Joachim, remaining erect amid the ruins of his army, sustained with heroic firmness the efforts of his enemies. Resolved to fall with arms in his hand, he rushed on the battalions, and carried terror and death into the midst of their ranks. But his valour could only ennoble his fall. Still repulsed, still invulnerable, he relinquished the hope of meeting death or victory. In the night of the 19th of March he returned to Naples: the Queen appeared indignant at seeing him. "Madame," said he to her, "I was not able to find death." He departed immediately, that he might not fall into the hands of the Austrians, and came to take refuge in France. The Queen, notwithstanding the dangers, that threatened her life, resolved to remain at Naples, till her fate and that of the army were decided. When the treaty was signed, she withdrew on board an English vessel and repaired to Trieste.

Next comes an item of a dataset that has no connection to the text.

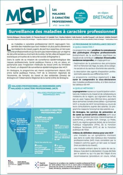 Les maladies à caractère professionnel (MCP) regroupent toutes les maladies que tout médecin et plus particulièrement les médecins du travail, jugent en lien avec l'activité professionnelle et qui ne sont pas indemnisées par un régime de Sécurité sociale. Elles échappent aux statistiques annuelles de la Sécurité sociale. Dans le cadre de sa mission de surveillance épidémiologique des risques professionnels, Santé publique France (SpF) a mis en place, en partenariat avec l'Inspection médicale du travail (IMT) du Ministère du Travail, un dispositif de surveillance épidémiologique des MCP. En Bretagne, le programme est mené conjointement depuis 2012 entre SpF, l'IMT de la Direction régionale des entreprises, de la concurrence, de la consommation, du travail et de l'emploi (Direccte) de Bretagne et l'Observatoire Régional de la Santé (ORS) de Bretagne. Le programme de surveillance des MCP repose sur la participation volontaire de médecins du travail et de collaborateurs médecins de la région, qui signalent deux fois par an, avec l’appui des infirmier(e)s, pendant deux semaines consécutives (dites "Quinzaines MCP"), tous les cas de MCP rencontrées au cours de leurs consultations auprès des salariés. Ce programme respecte l’anonymat des salariés vus. En 2024, 1133 salariés ont été vus en consultation lors des deux Quinzaines en Bretagne.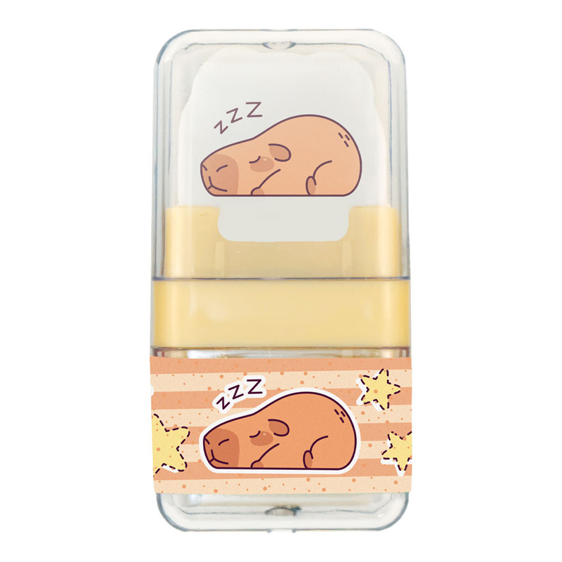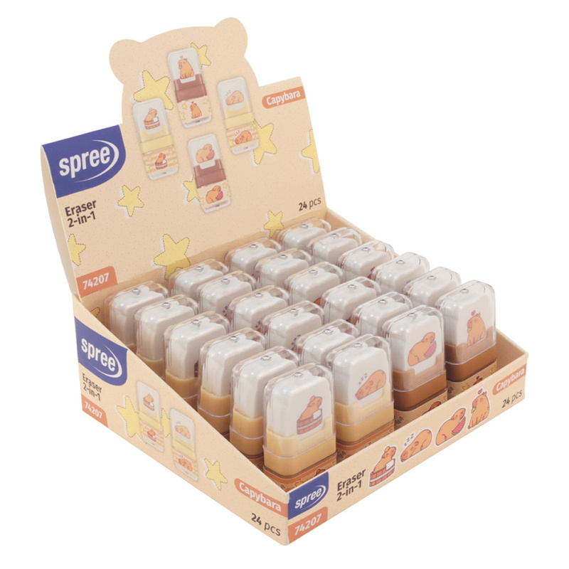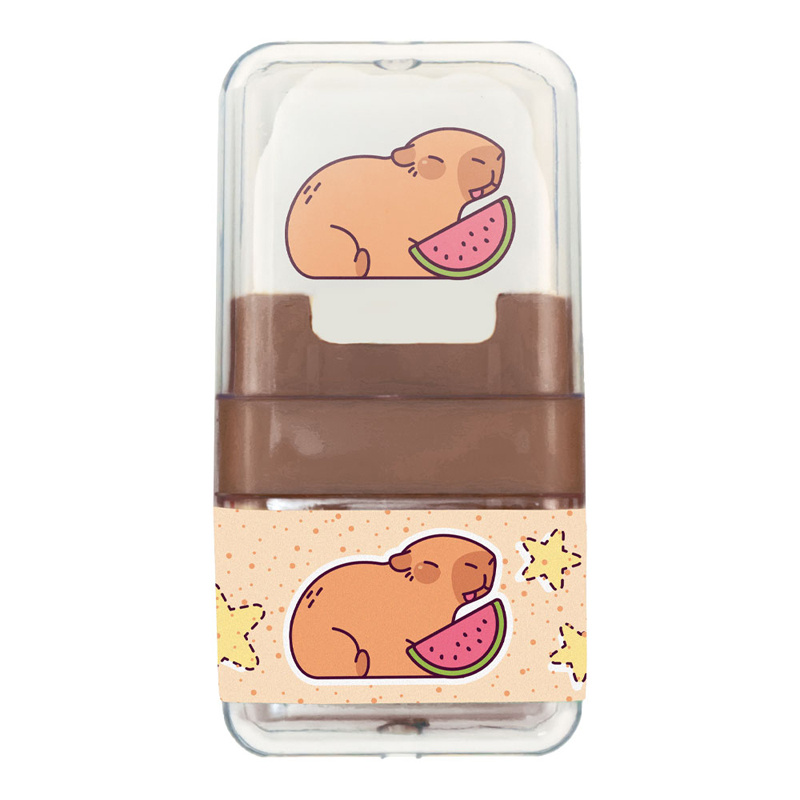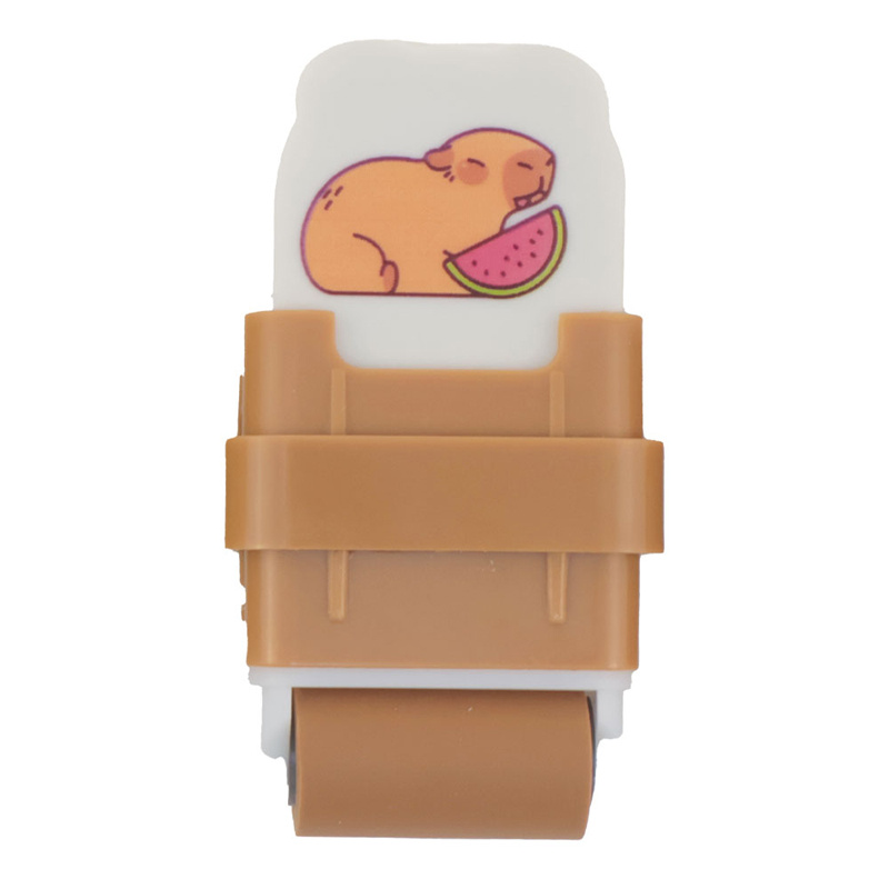 Gumka do wymazywania z motywem kapibary, wyposażona w rolkę do zbierania ścinków. Gumka jest miękka i z łatwością usuwa grafit bez rozmazywania. Rolka znajdująca się po drugiej stronie, służy do usuwania ścinków po gumowaniu. Gumka idealnie mieści się w szkolnym piórniku.

The catastrophe of the King made the most profound impression on the superstitious mind of Napoleon; but the French it inspired with little regret, and no fear. I say no fear, for the nation was familiarised with the idea of war. The patriotism and energy, with which it felt itself animated, filled it with such confidence, that it deemed itself sufficiently strong, to dispense with the support of the Neapolitans, and struggle alone against the coalition. It recalled to mind the campaign of 1814; and, if at that period Napoleon, with sixty thousand soldiers, had beaten and held in check the victorious foreign armies, what might it not hope now, when an army of three hundred thousand fighting men would form, in case of need, only the advanced guard of France? The royalists and their newspapers, by repeating the manifestoes of Ghent and Vienna, enumerating the foreign armies, and exaggerating our dangers, had indeed succeeded in abating the courage of a few, and shaking their opinions; but the sentiments of the bulk of the nation had lost nothing of their vigour and energy. Every day fresh offerings[20] were deposited on the altar of their country; and every day new corps of volunteers, equally numerous and formidable, were establishing, under the names of lancers, partisans, federates, mountain chasseurs, and tirailleurs.

[Footnote 20: The departments of the Centre, and of the East, particularly distinguished themselves. A great number of their inhabitants gave considerable sums, and equipped at their own expense companies, battalions, whole regiments, of partisans or national guards.

A single citizen of Paris, Mr. Delorme, proprietor of the fine _passage_ of the same name, offered his country a hundred thousand francs.

Another, one day when the national guard was reviewed, caused a roll of paper, tied with a ribbon of the legion of honour, to be delivered to the Emperor. On opening it, it was found to contain twenty-five thousand francs, in notes on the Bank, with these words: "for Napoleon, for my country." The Emperor was desirous of knowing the person, who had made this delicate and mysterious offering; and at length discovered, that it was M. Gevaudan, whose noble sentiments and patriotism had already been proved by several actions of a similar kind.]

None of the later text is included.